In December, 1837, he took one of the most important steps of his life in espousing the cause of total abstinence. Having taken up this movement, he threw his whole energy into it, and from that time down to the day of his death he was a consistent temperance man, and a strong advocate of the principle of total abstinence. It was, perhaps, this strong advocacy of the cause of temperance, more than anything else, that brought him before the public as a suitable person to become a candidate for the House of Assembly, and led to his first election as a representative for the city of St. John in the local legislature thirteen years later. Certainly the fact that Tilley, from that time until the close of his public career, had always the support of the temperance societies, gave him a strength which he hardly would have obtained otherwise, and rallied around him a phalanx of friends, who, for fidelity to his interests and zeal for his political advancement, could hardly have been surpassed.

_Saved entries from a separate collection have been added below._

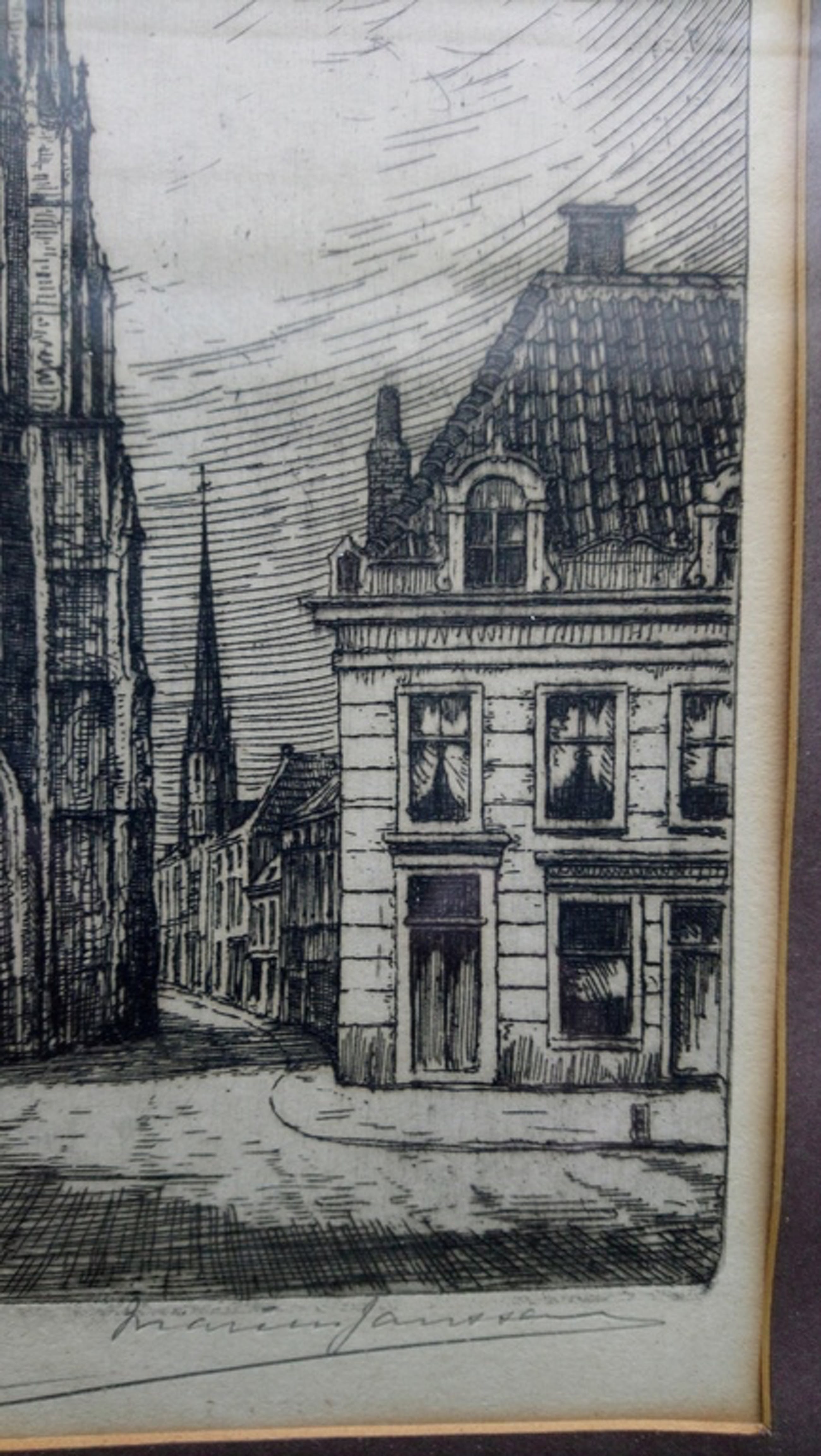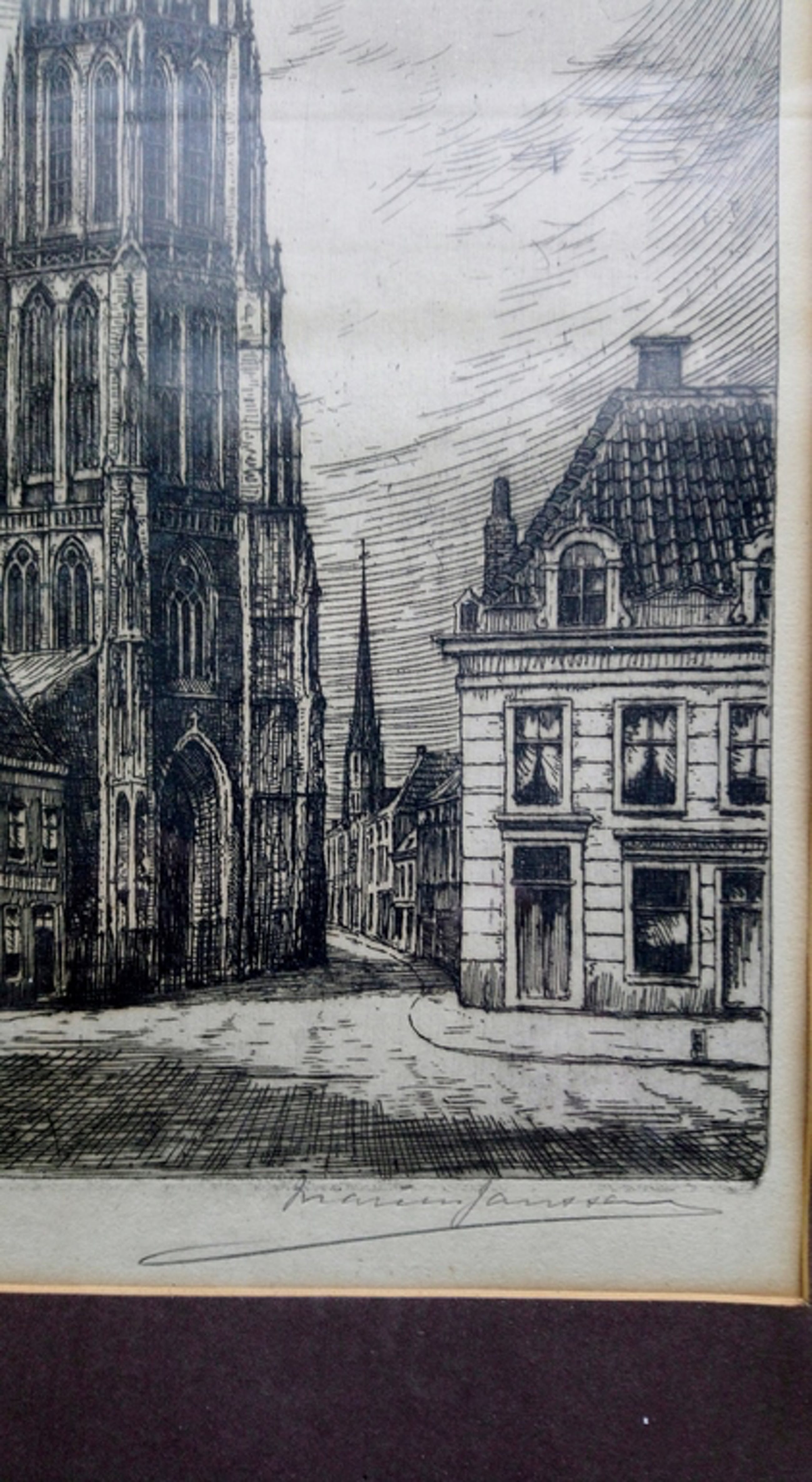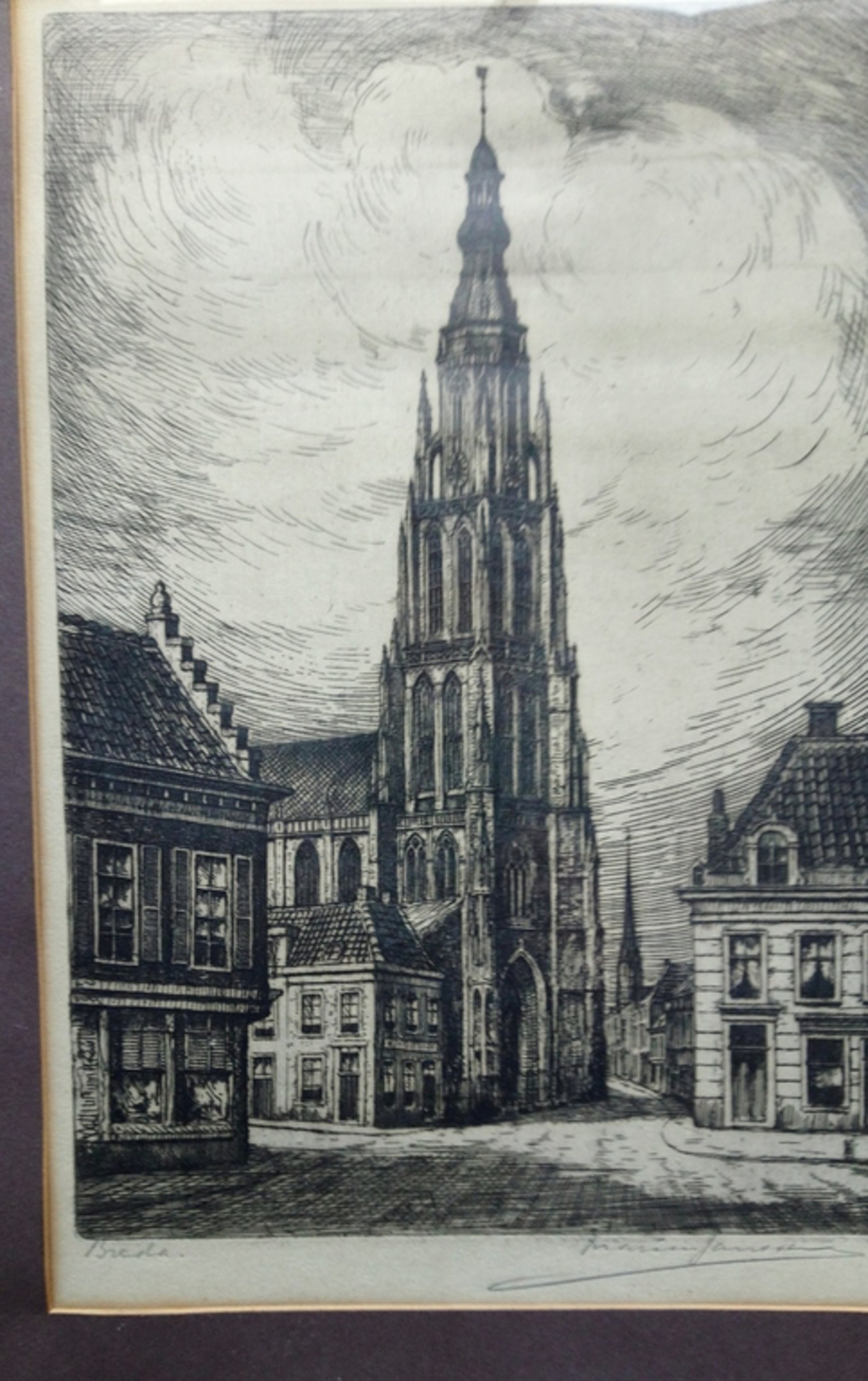 Met potlood op werk gesigneerd en ingelijst.
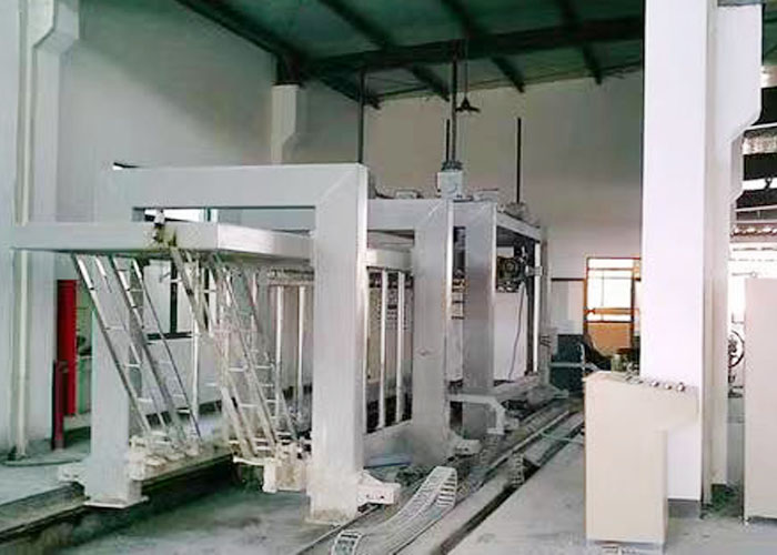 工作原理: 翻轉(zhuǎn)吊具把模具帶坯體一起空中翻轉(zhuǎn)90度置切割小車上,脫模把坯體連同側(cè)板留在切割小車上,切割小車由電機(jī)作動力行走,通過縱切裝置完成縱向切割、銑槽、水平切割;切割小車?yán)^續(xù)行走至橫切裝置中央位置停止后,橫切裝置啟動,橫切架自上而下垂直下切完成橫向切割;切割小車再行走至編組吊具處由編組吊具將坯體(連側(cè)板)吊至蒸養(yǎng)小車上,切割小車返回原始位置進(jìn)行下一個切割循環(huán)。 主要特點(diǎn): ⑴、 機(jī)型結(jié)構(gòu)精簡實(shí)用,便于安裝維修; ⑵、 坯體側(cè)立放置使坯體寬度為600mm,高度為1200mm,切割鋼絲短,不易拉斷,不易飄移,切割精度高; ⑶、 縱向切割裝置固定,切割小車行走完成縱向切割,切割時間短。橫切裝置采用鋼絲水平下切,縮短切割鋼絲長度,保證切割精度; ⑷、 坯體側(cè)立后可縱向切割時完成銑槽,不需另配槽口加工設(shè)備; ⑸、 本機(jī)型對坯體作六面切割,制品質(zhì)量不受模油及模具變形影響; ⑹、 本機(jī)型除生產(chǎn)砌塊外還可生產(chǎn)板材; ⑺、 機(jī)型切割過程(翻轉(zhuǎn)、縱切、橫切)分不同工位完成,各工位工作簡化,操作保養(yǎng)方便。
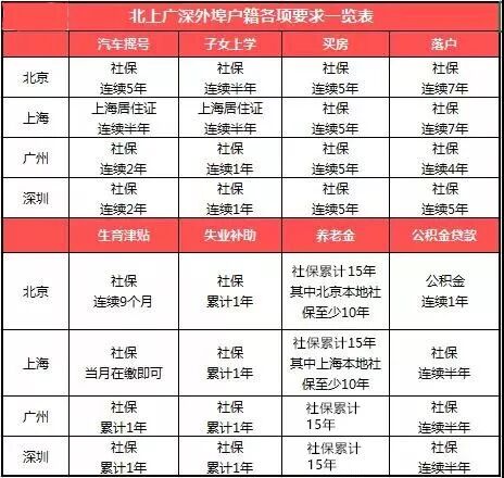 下面我们先通过一张图表来直观对比一下北上广深的常见生活事项对社保、公积金、居住证的年限要求。
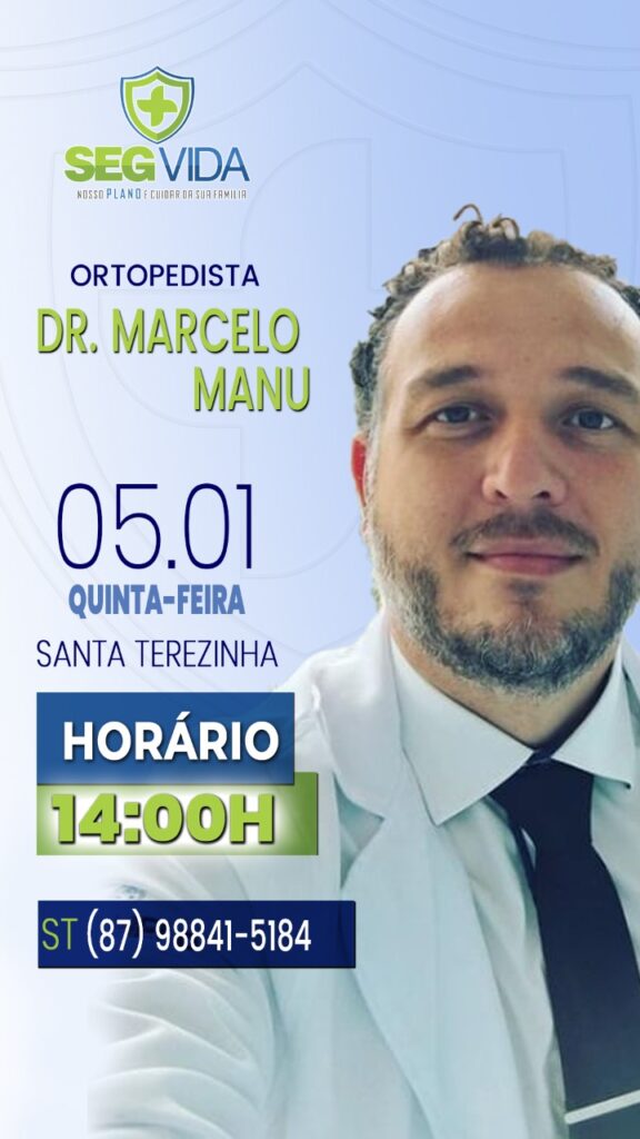 A SegVida em Santa Terezinha comunica a toda população que o Ortopedista Drº Marcelo Manu estará atendendo nesta quinta-feira, 05 de janeiro a partir das 02:00 da tarde. Reserve hoje mesmo seu atendimento entrando em contato pelo número (87) 98841-5184.
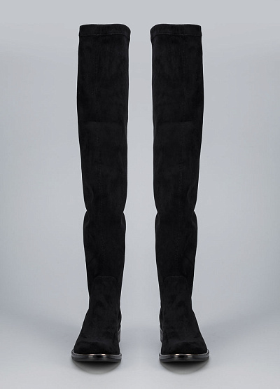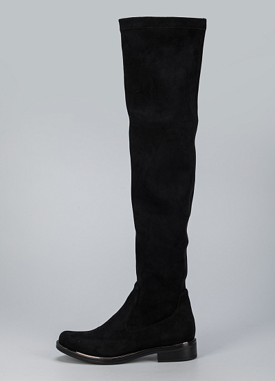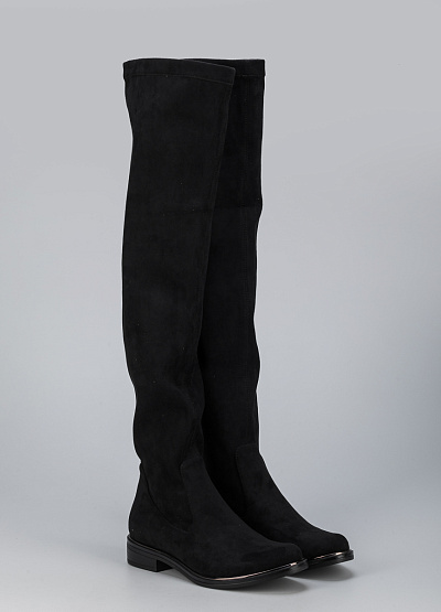 • Женские ботфорты от бренда Caprice. Модель выше колен. Закругленный носок. Металлические вставки вдоль стопы. Плоская подошва на низком каблуке.
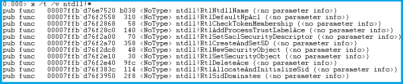 x /t /v ntdll!* 列出 ntdll 模塊數(shù)據(jù)類型和符號類型
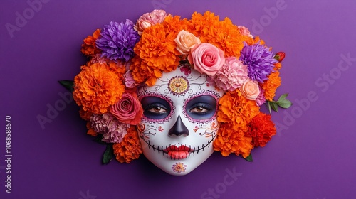 A woman with traditional Day of the Dead makeup, surrounded by colorful flowers on a purple background.
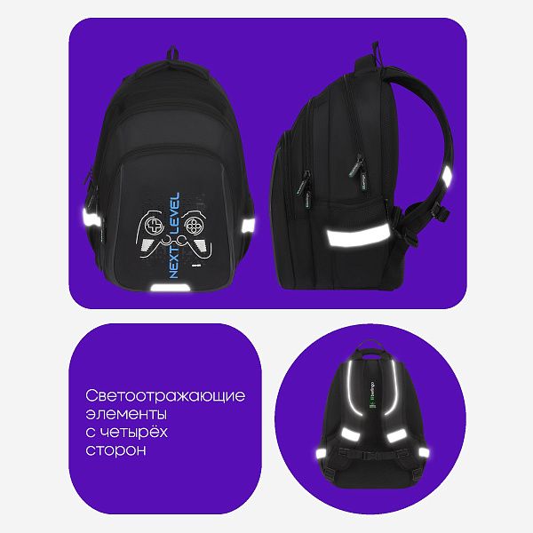 - Рюкзаки для школьников — с ортопедической спинкой, плотным дном и светоотражающими элементами.
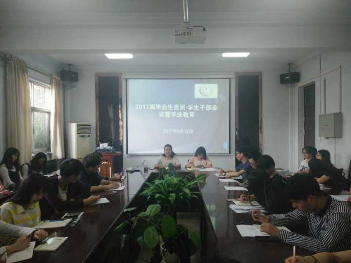2017年5月12日下午,金年会jinnianhuicom在院会议室召开了毕业班全体学生干部及学生党员会议暨毕业教育。金年会jinnianhuicom党总支副书记刘瑛出席会议,2017届毕业班辅导员、毕业班全体学生干部及学生党员参加会议。会议由2013级辅导员郭家瑞主持。
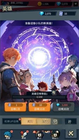 可以随时进入招募系统,寻觅更强大的英雄,来增强你的队伍实力。
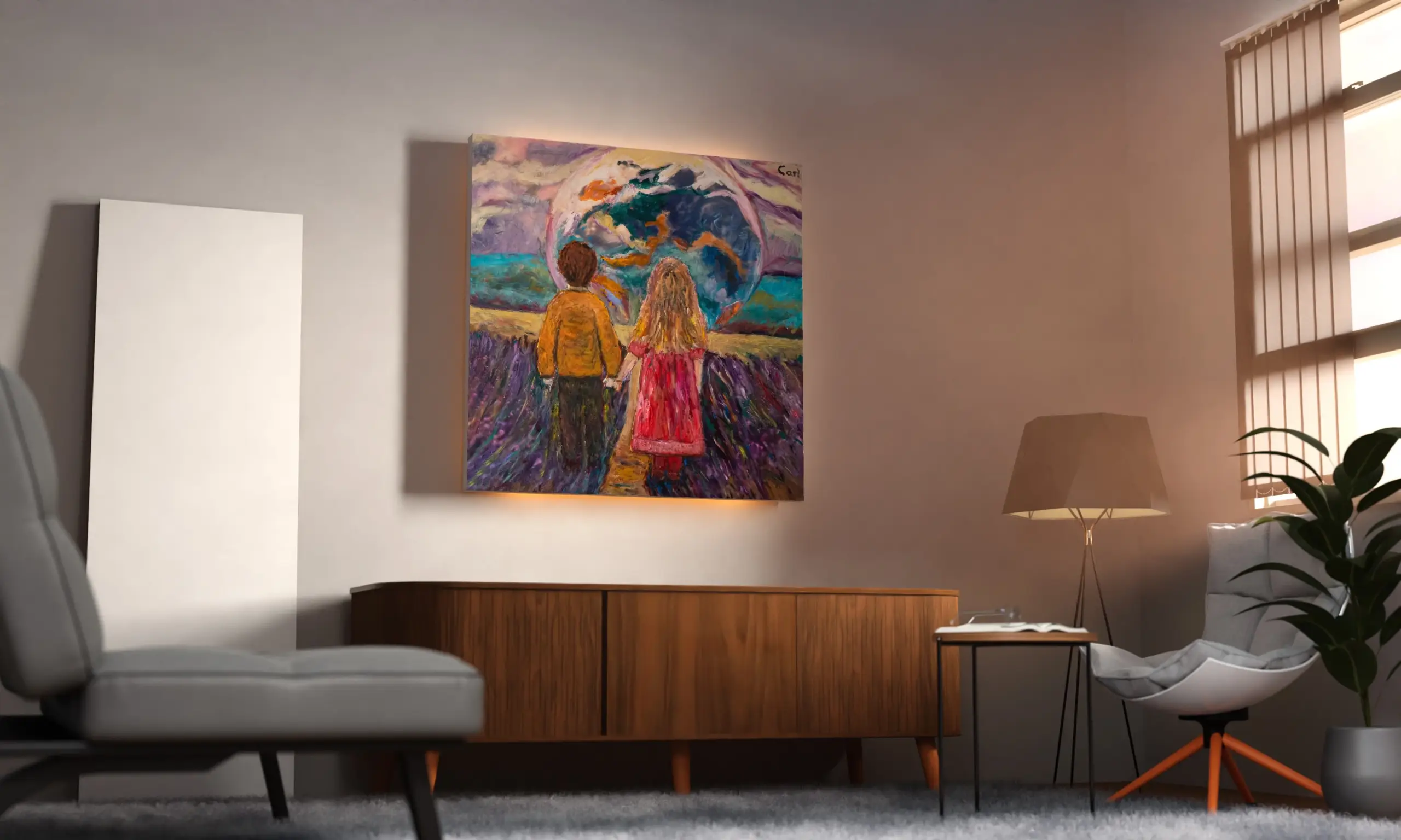 Artwork “Young boy and girl reflection of world” brings intense colors wich highlight the energy and excitement of youth as they explore new possibilities and question what lies ahead. This dynamic piece reflects the sense of wonder and anticipation that accompanies their journey of growth and discovery.

Tilley commenced business on his own account in 1838, before he had attained the age of twenty years, as a member of the firm of Peters & Tilley, and he continued a successful career until 1855, when he transferred his business to Mr. T. B. Barker, the founder of the present firm of T. B. Barker & Sons. It is unnecessary to say anything more in regard to Mr. Tilley's life as a business manthan that it was a highly prosperous one. He showed so much energy and enterprise that when he entered political life he was comparatively wealthy. There is no doubt that if he had continued in business instead of devoting his energies to the service of the province and Dominion, he would have made far more money than he obtained as a politician.
COLONIAL TRADE
The movement in behalf of free trade, which was changing the fiscal policy of the United Kingdom in the closing years of the first half of the nineteenth century, did not meet with much favour in New Brunswick, because it seriously affected the leading industry of the province. Colonial timber had long enjoyed a preference in the British market, but this preference had been seriously impaired by imperial legislation and was likely to be taken away altogether if free trade principles should prevail. Many remonstrances had been sent to the British government against the reduction or abolition of the duty on foreign timber which came into competition with the colonial product, but these remonstrances proved wholly unavailing, and it was seriously believed that the colonial timber trade would be destroyed. This led to the annexation movement of 1848, which affected all the provinces, while it also caused the formation of organizations pledged to resist the free trade movement. Tilley was in sympathy with these efforts to preserve colonial trade, and it was in consequenceof this that he first made his entrance into political life.
GENERAL ELECTION OF 1850
At a meeting of the electors of St. John in favour of protection, which was held previous to the general election of 1850, Tilley was nominated as one of the candidates for the city of St. John. He was not present at the meeting and had no knowledge whatever of the intention of the electors to make such a nomination. A meeting was called a few nights later in Carleton to confirm the nomination, and at that meeting Tilley was present. He then made the strongest possible protest against the nomination, but the electors present would not take "No" for an answer, and he eventually consented to stand as a candidate, informing them at the same time that he had an engagement to be in Boston on the day fixed for the nomination, and could not be at the hustings on that day. Notwithstanding this statement they still persisted in his nomination, but as Tilley was absent in the United States, his nomination speech on that occasion was made by Joseph W. Lawrence, who afterwards was found among his strongest political opponents. At the general election of 1850 all the candidates elected for the city and county of St. John were avowed opponents of the government. Tilley was returned at the head of the poll, while W. H. Needham, who ran with him, was likewise elected. The members elected for the county were R. D. Wilmot, William J. Ritchie, John H. Gray and Charles Simonds;while J. R. Partelow, Charles Watters and John Jordan were the three defeated candidates. The list of candidates for the city and county of St. John included two future governors, a future chief-justice of the supreme court of Canada and two other judges, to say nothing of the provincial secretary, Mr. Partelow, a speaker of the House of Assembly and a future mayor of St. John. It must be admitted that few elections that have ever been held in any part of British North America have had so many candidates presented to the electors who were afterwards eminent in public life. This election took place at an important epoch in the history of the province, when the old order was passing away and men's minds were prepared for a great change in political affairs. It was a Reform House of Assembly, and, although all the members elected for the purpose of upholding Reform principles did not prove true to their trust, still it contained a larger number of men of Liberal views than any of its predecessors.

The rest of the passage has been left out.